Beyond that, it also feels like I shouldn’t like the whole phenomenon of punk-rocker-making-a-sensitive-acoustic-record albums. It feels like an entire cheat of a genre, the sort of thing that would be sneered at by hip music fans. Except, wouldn’t Elliott Smith’s debut album, Roman Candle, which he recorded on the side while he was in Heatmiser, have fit exactly in that category at the time? And wouldn’t Faithless Street, Whiskeytown’s debut album, which came about when Ryan Adams quit playing punk and started playing country, also sort of fit that description? And since I love both of those albums, and Smith and Adams are two of my favorite artists, don’t I have to admit that this is a genre I like? And wouldn’t that explain why Frank Turner’s Tape Deck Heart has been one of my favorite albums of the last year or so?

Setting aside the question of genre, Turner, much like Smith and Adams, can really write a song. Before he became a musician, Turner studied at a prestigious English prep school and then the London School of Economics. This is a guy who has read a book or two. He spent the early 2000s playing in hardcore punk bands, and then switched his focus to folk.

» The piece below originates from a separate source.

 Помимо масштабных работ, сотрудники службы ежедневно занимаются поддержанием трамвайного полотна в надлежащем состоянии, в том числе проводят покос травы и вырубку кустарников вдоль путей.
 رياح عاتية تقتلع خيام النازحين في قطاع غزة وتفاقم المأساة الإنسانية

That’s all the time I’m going to expend talking about Turner’s previous career, because I haven’t gotten that deep into the catalog. I’m mostly concerned with Tape Deck Heart. Sonically, it does a nice job of blending the folk and punk influences—acoustic guitars, confessional songs, but also uptempo, sometimes shouted hooks. It’s the songwriting that really makes this record great, though. First of all, you could easily classify it as a break-up album, and y’all know how much I love those. You can see the brokenheartedness in songs like The Way I Tend to Be, which features a jangly acoustic chord progression that slides high up the guitar neck and then works its way down and lyrics like “And then I catch myself/Catching your scent on someone else/In a crowded space/And it takes me somewhere I cannot quite place.”

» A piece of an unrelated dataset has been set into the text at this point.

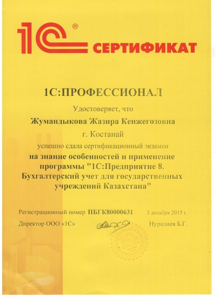 1С:Предприятие 8. Бухгалтерский учёт для государственных учреждений Казахстана, Жумандыкова Жазира
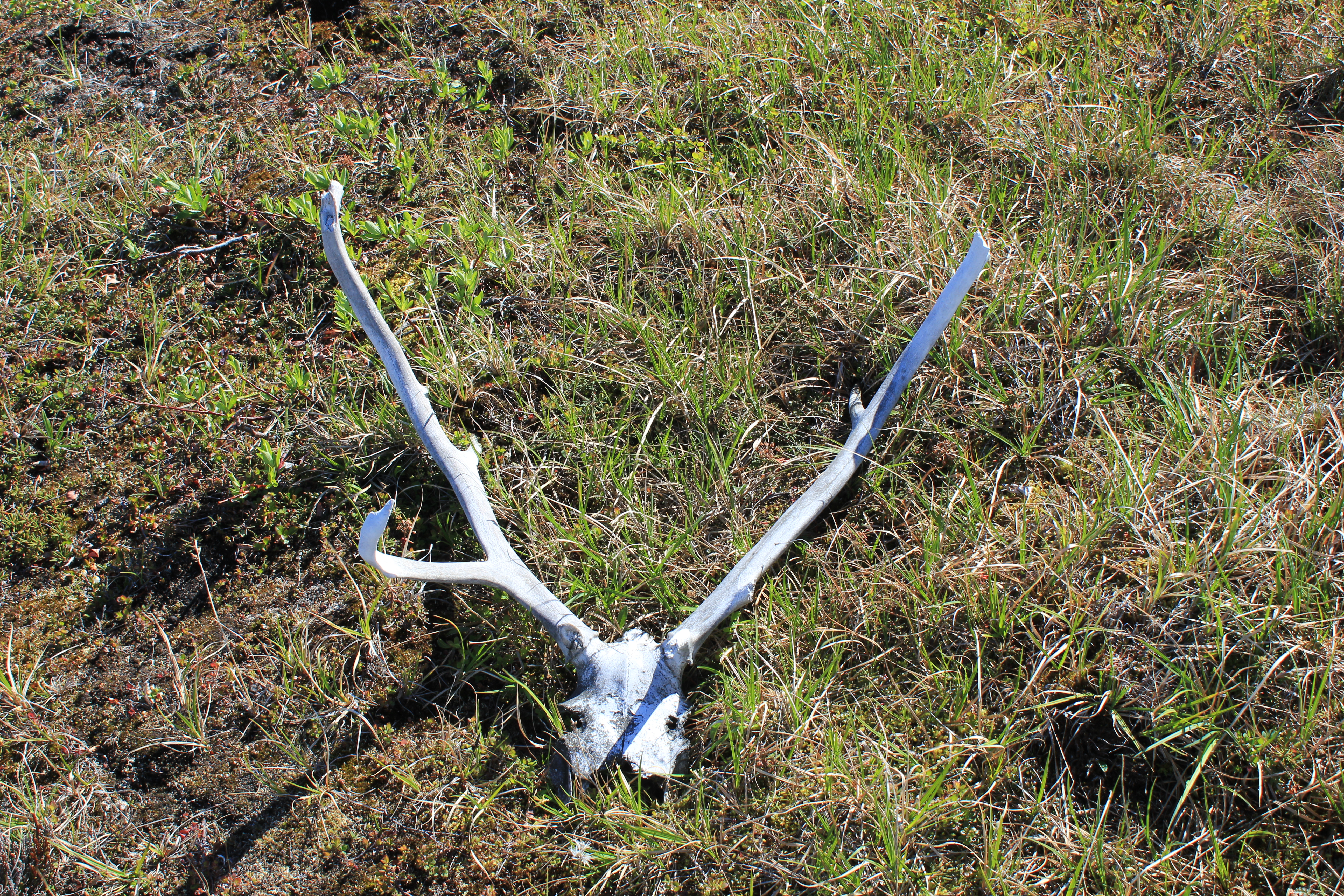 A caribou skull with antlers lying on the tundra. Toolik Field Station, Alaska.

And then there’s the song Plain Sailing Weather, which opens with the lyrics, “Just give me one fine day of plain sailing weather/And I can fuck up anything.” Not a lot of explanation needed there.

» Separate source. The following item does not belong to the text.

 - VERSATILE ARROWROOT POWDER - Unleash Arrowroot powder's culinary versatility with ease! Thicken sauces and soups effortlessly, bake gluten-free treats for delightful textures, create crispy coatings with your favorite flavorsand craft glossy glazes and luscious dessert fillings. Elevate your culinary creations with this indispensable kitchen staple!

But Tape Deck Heart is more than a break-up album. It’s an album about growing up, about taking stock of your life as you begin to leave your youth behind. Turner is the same age as I am, and much like me, he seems to have left a swath of destruction in his wake. The lead single and opening track of the album, Recovery, opens with the lyrics “Blacking in and out in a strange flat in East London/Somebody I don’t really know just gave me something/To help settle me down and to stop me from always thinking about you/And you know your life is heading in a questionable direction/When you’re up for days with strangers and you can’t remember anything.” It’s a break-up song, and a song about dulling the pain with substances, and it’s a song that acknowledges that “it’s a long road up to recovery.” But it’s also a hopeful song that features the great line “Broken people can get better if they really want to/Or at least that’s what I have to tell myself if I am hoping to survive.”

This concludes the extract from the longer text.